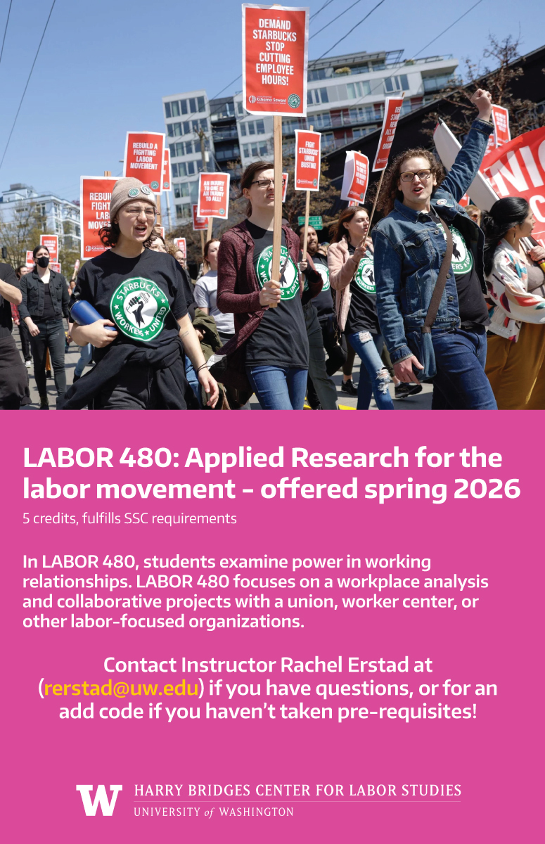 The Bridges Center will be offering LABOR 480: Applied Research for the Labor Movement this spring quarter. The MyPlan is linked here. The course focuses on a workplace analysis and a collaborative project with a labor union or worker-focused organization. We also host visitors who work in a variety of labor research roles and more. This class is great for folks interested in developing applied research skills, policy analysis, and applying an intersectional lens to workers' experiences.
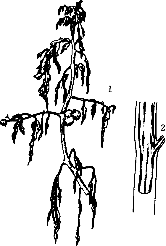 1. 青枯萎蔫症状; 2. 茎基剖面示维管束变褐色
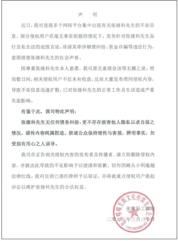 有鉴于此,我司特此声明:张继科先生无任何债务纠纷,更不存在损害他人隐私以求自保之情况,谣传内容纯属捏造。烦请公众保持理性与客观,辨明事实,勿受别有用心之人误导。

Your objective:
Please copy the data above character for character, skipping any pictures.

Task response:
 The Bridges Center will be offering LABOR 480: Applied Research for the Labor Movement this spring quarter. The MyPlan is linked here. The course focuses on a workplace analysis and a collaborative project with a labor union or worker-focused organization. We also host visitors who work in a variety of labor research roles and more. This class is great for folks interested in developing applied research skills, policy analysis, and applying an intersectional lens to workers' experiences.
 1. 青枯萎蔫症状; 2. 茎基剖面示维管束变褐色
 有鉴于此,我司特此声明:张继科先生无任何债务纠纷,更不存在损害他人隐私以求自保之情况,谣传内容纯属捏造。烦请公众保持理性与客观,辨明事实,勿受别有用心之人误导。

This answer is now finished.